How to Write a Great Personal or Professional Bio
How to Write a Great Personal or Professional Bio
Your bio appears on LinkedIn, Twitter, your company website, conference programs, guest blog posts, podcast introductions, and email signatures. Most people write their bio once, hate the process, and never update it. The result is a stale paragraph that either reads like a resume or says nothing meaningful. A great bio is concise, specific, and human. Here is how to write one.
The Three-Sentence Formula
A professional bio needs to answer three questions in three sentences:
Sentence 1: What you do and who you help. This is your positioning statement. It tells the reader immediately whether you are relevant to them.
“Maria Chen helps small businesses double their email revenue through automated sequences and strategic copywriting.”
Sentence 2: Your credibility. This is proof that you can deliver on the promise of sentence one. Use specific numbers, named clients, years of experience, or notable credentials.
“She has built email systems for over 200 companies, generating more than 5 million dollars in tracked sales over the past eight years.”
Sentence 3: Something human. This is what makes you memorable and relatable rather than a resume on legs. A hobby, a personal detail, or an unexpected interest.
“When she is not writing subject lines, she is hiking Colorado trails with her two Australian shepherds.”
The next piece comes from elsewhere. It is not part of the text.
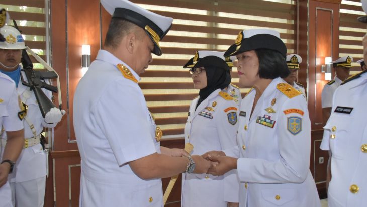 Jakarta, PUBLIKASI —- Panglima Komando Lintas Laut Militer Laksda TNI Yayan Sofiyan memimpin jalannya pengukuhan dan serah terima sejumlah jabatan strategis di lingkungan Kolinlamil yang berlangsung di gedung Laut Nusantara, Mako Kolinlamil, Tanjung Priok, Jakarta Utara, Selasa (2/5). Pejabat yang melaksanakan serah terima jabatan yakni Inspektur Kolinlamil diserahterimakan dari Laksma TNI Wiwien Angkasawati kepada Laksma TNI Damayanti, Komandan Satlinlamil 3 diserahterimakan dari Kolonel Laut (P) Yulis Andreas Lorentius kepada Kolonel Laut (P) Nur Rochmad Ibrahim. Kemudian dilanjutkan dengan pengukuhan jabatan Asrena Pangkolinlamil yang dijabat oleh Kolonel Laut (P) Victor Pardamean dan Komandan Satlinlamil 2 yang dijabat oleh Kolonel Laut (P) Yulis Andreas Lorentius.

This three-sentence bio works for LinkedIn summaries, conference speaker bios, podcast guest introductions, and professional websites. It takes about 45 seconds to read, which is the maximum attention span for most bio contexts.
Write in Third Person or First Person
Third person (“Maria Chen helps…”) is the standard for professional bios on websites, conference programs, and speaking engagements. It sounds formal and authoritative.
First person (“I help small businesses…”) works better on LinkedIn profiles, personal websites, and social media bios. It feels conversational and approachable.
Choose based on the platform. When in doubt, write both versions and keep them saved in a document for quick copy-paste.
Lead with Value, Not Credentials
Most people start their bio with their job title and employer: “Maria Chen is a Senior Email Marketing Strategist at Acme Corp.” This tells the reader your position in a hierarchy but nothing about what you can do for them.
Instead, lead with the outcome you create: “Maria Chen helps small businesses double their email revenue.” The title and employer can come later or not at all. People care about results, not org charts.
Use Specific Numbers
Specificity creates credibility. Vague claims like “extensive experience” and “proven track record” mean nothing because everyone uses them. Specific numbers stand out.
Vague: “Maria has extensive experience in email marketing.” Specific: “Maria has built email systems for over 200 companies, generating more than 5 million dollars in tracked sales.”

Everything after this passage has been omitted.